In the last week, the New York City subway system has suffered a couple major delays during peak hours. On Wednesday morning, it was the L train.

Later that afternoon, it was the M train.

Judging from the tweets, what’s worse than having train delays is not knowing when and where they occur. While goodservice.io is pretty good at detecting abnormal headways due to bunching or service after residual delays, it did not do a very good job at detecting delays as they were happening.

A lot of times when you see this, it’s already too late.

In my previous post, I explained how goodservice.io uses countdown clock data (i.e.

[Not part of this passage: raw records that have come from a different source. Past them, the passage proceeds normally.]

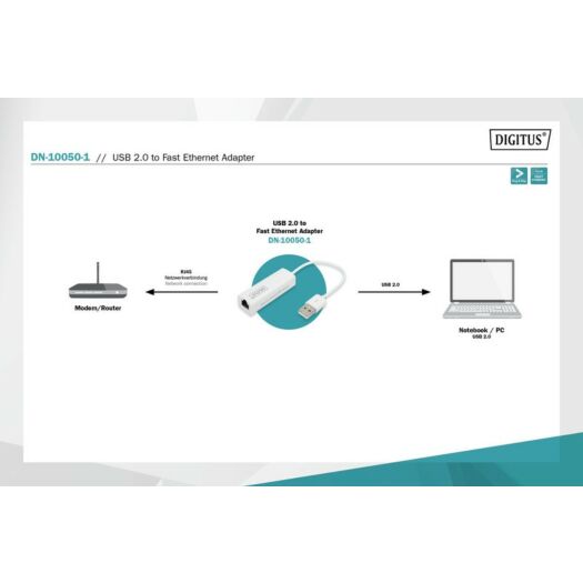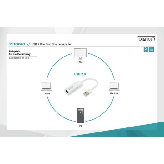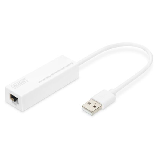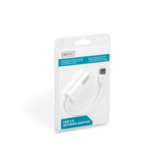Адаптер DIGITUS USB 2.0 – 10/100 Mbps Ethernet. Швидкість 10/100 Мбіт/с підтримується на роз'ємі LAN. Сумісність з Ethernet IEEE 802.3 та 802.3u (10Base-T, 100Base-TX) з автоузгодженням. Підтримує повну швидкість USB 2.0 та високу швидкість (живлення від шини USB).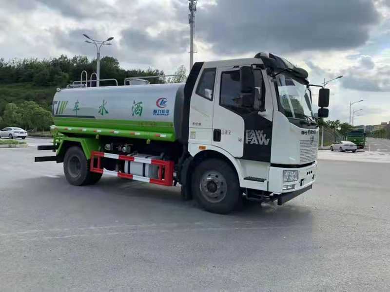 解放J6灑水車,實際容積14.6方,可裝水14噸。整車型號:CLW5180GPS6DX。底盤型號:CA1180P62K1L2A1E6Z、發動機型號:大柴CA4DK1-22E6、變速箱:陜齒8JS85E變速器、車橋:Ф378鑄造橋(自動調整臂、國產ABS)、軸距:4500mm。
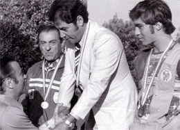 Hugo Dufey (al centro) consagrado campeón del V Campeonato Sudamericano de tiro al vuelo Gloria Meza y su campeón de marido Hugo Dufey Muñoz

GTFS-RT) as provided publicly by the MTA, to figure out train headways. What if we use the same information to figure out if trains are not moving?

To illustrate what I mean, remember that goodservice.io uses the differences in estimated arrival times to figure out the headway between each train.

Visual of how goodservice.io calculates headways. Times and trains for illustration purposes only, not to scale.

Using this same information, we can deduce that there’s a delay if the train arrival times keep moving forward.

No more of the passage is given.